Since Partnership-qualified policies must include inflation protection, the amount of the benefits you receive can be higher than the amount of insurance protection you purchased. For example, if you have a Partnership-qualified long-term care insurance policy and receive $100,000 in benefits from it, you can apply for Medicaid and, if eligible, retain $100,000 worth of assets over and above the state's Medicaid asset threshold. In most states the asset limit is $2,000 for a single person. Asset limits for married couples are often higher.
States must certify that partnership policies meet the specific requirements for their partnership program, including that those who sell partnership policies are trained and understand how these policies relate to public and private coverage options. To find out more about your state's program, including which insurance agents are selling partnership policies, or to find out if your state offers a partnership program, contact your state's Department of Insurance.

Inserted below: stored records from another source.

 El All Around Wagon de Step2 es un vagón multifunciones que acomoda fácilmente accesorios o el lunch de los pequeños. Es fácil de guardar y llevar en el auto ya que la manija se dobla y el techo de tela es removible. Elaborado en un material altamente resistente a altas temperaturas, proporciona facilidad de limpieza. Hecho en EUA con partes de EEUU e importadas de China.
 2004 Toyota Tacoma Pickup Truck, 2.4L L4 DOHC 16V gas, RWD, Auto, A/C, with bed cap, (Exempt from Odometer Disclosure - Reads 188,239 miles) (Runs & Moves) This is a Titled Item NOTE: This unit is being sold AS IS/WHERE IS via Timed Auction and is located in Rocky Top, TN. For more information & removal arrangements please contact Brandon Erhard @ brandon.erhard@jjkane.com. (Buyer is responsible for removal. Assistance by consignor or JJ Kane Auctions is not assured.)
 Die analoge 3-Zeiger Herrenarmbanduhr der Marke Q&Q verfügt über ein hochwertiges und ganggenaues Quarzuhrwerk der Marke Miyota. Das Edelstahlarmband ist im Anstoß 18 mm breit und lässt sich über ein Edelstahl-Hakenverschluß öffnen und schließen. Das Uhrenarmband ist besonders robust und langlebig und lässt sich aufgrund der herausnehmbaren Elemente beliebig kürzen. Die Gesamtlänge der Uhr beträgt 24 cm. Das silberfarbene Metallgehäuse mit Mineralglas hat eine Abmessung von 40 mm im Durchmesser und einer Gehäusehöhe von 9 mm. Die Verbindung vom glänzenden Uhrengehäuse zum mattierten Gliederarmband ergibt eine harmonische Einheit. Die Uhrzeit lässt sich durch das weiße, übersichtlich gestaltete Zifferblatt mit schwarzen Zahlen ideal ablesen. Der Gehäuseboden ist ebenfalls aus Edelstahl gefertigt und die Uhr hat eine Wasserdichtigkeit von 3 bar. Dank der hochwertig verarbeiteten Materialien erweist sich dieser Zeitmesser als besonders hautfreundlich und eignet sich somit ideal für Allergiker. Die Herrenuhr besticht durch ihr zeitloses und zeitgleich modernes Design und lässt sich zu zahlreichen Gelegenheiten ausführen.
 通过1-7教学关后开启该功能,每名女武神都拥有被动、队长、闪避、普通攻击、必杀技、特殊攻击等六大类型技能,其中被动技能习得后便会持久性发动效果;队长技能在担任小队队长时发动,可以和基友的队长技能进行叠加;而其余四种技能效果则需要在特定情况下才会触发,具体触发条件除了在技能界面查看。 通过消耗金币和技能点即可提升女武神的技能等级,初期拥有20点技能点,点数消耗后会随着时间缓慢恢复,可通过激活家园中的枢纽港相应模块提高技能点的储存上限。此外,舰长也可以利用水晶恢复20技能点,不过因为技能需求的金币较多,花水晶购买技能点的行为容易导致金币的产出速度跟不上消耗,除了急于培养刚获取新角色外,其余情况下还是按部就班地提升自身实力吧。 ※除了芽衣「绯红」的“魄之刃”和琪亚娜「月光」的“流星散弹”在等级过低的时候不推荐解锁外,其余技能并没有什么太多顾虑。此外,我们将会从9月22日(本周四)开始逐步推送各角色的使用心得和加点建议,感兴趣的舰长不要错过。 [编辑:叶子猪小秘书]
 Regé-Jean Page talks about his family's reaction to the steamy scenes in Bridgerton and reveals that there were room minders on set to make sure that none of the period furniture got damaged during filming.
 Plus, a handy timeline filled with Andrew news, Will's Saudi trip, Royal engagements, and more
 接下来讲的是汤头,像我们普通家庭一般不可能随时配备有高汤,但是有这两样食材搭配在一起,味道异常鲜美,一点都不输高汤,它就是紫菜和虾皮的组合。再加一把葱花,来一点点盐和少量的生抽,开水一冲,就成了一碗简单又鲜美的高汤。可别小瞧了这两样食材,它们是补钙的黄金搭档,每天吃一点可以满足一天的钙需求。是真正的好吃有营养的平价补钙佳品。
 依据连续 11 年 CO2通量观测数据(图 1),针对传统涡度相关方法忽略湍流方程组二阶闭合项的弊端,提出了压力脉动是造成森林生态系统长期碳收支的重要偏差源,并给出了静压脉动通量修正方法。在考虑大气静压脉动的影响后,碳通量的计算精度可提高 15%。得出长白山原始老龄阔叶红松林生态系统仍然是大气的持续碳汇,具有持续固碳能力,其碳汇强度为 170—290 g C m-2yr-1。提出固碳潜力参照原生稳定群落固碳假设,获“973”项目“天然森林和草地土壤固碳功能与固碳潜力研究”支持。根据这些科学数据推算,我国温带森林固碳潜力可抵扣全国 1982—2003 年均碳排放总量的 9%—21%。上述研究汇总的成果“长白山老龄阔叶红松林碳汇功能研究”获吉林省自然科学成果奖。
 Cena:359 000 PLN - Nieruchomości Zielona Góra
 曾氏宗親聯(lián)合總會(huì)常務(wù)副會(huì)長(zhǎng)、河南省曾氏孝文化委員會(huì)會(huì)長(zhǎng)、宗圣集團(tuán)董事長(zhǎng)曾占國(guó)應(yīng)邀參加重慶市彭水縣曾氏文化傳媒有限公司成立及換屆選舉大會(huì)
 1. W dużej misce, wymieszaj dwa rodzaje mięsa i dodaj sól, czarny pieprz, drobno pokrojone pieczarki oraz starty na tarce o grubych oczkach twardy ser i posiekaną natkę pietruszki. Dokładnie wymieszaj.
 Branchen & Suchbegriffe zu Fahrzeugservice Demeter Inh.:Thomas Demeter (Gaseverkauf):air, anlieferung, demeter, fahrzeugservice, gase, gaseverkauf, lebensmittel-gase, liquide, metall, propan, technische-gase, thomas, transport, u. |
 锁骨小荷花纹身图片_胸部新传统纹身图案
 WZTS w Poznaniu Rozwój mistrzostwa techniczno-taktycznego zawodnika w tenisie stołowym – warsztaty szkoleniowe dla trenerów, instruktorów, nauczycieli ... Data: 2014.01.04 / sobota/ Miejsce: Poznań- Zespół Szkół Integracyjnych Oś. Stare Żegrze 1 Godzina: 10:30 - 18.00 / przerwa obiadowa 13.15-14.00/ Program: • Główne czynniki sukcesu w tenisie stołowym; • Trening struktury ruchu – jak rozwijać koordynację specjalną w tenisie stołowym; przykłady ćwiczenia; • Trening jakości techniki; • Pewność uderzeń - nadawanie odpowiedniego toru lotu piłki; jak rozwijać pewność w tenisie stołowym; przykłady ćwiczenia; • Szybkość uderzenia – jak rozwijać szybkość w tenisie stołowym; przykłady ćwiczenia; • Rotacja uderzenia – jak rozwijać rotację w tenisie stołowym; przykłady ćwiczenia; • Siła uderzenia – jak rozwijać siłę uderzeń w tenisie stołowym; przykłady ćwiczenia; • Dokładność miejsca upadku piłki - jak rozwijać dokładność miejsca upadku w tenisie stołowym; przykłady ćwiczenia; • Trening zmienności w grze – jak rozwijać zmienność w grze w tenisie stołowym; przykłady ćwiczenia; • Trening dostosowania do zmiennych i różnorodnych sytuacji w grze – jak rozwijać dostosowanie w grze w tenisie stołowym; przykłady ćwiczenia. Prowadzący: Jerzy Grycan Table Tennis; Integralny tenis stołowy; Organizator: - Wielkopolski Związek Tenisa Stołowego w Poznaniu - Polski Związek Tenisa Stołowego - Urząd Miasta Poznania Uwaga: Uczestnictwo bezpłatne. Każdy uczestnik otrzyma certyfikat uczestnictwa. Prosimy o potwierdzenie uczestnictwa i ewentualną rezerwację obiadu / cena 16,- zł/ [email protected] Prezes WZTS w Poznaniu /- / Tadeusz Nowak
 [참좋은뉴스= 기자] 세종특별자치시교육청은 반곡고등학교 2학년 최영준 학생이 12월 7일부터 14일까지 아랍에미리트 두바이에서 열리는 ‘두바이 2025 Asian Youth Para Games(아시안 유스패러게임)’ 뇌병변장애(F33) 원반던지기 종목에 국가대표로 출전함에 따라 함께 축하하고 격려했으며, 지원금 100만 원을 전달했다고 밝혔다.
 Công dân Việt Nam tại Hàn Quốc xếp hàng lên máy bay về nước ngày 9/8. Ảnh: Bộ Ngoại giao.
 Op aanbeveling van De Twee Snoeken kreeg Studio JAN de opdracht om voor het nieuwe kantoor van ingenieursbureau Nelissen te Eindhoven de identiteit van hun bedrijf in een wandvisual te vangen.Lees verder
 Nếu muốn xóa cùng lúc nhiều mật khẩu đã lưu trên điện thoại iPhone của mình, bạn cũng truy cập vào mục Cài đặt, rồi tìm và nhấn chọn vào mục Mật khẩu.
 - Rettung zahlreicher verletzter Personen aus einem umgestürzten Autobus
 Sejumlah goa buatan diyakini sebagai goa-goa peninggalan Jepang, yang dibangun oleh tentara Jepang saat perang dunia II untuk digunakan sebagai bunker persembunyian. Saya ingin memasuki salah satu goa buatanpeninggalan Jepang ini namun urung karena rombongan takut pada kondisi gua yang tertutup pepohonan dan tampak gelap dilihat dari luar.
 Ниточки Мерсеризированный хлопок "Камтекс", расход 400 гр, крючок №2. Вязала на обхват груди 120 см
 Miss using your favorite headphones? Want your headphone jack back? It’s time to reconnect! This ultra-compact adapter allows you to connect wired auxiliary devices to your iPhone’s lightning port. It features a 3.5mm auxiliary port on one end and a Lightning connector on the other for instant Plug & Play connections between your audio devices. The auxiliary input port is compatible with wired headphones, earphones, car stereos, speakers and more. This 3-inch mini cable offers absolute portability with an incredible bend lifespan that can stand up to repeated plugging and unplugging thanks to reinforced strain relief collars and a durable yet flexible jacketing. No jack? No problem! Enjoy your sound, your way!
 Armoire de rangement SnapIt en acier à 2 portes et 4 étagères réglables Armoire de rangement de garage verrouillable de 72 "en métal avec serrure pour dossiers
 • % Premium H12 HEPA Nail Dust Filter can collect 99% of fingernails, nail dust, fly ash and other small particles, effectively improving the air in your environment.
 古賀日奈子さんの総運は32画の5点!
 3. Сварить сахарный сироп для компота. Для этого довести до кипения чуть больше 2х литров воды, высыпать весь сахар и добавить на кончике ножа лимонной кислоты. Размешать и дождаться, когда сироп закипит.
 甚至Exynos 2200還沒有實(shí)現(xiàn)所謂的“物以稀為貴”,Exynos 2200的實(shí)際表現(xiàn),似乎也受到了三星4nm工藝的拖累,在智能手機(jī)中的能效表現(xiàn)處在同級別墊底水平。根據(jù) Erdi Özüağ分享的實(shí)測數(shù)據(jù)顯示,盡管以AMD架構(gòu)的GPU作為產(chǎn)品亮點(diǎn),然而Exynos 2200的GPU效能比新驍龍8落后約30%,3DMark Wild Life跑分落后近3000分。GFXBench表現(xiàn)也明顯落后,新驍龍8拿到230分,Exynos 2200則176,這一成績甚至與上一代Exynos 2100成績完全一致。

Many private and public employers, including the federal government and a growing number of state governments, offer group long-term care programs as a voluntary benefit, and generally:
- Employers do not typically contribute to the premium cost (as they do with health insurance), but they often negotiate a favorable group rate
- If you are currently employed, it may be easier to qualify for long-term care insurance through your employer than it is to purchase a policy on your own
- You should check with your benefit or pensions office to see if your employer offers long-term care insurance.
The U.S. Office of Personnel Management has additional information about the Federal Long Term Care Insurance Program for employees of the federal government.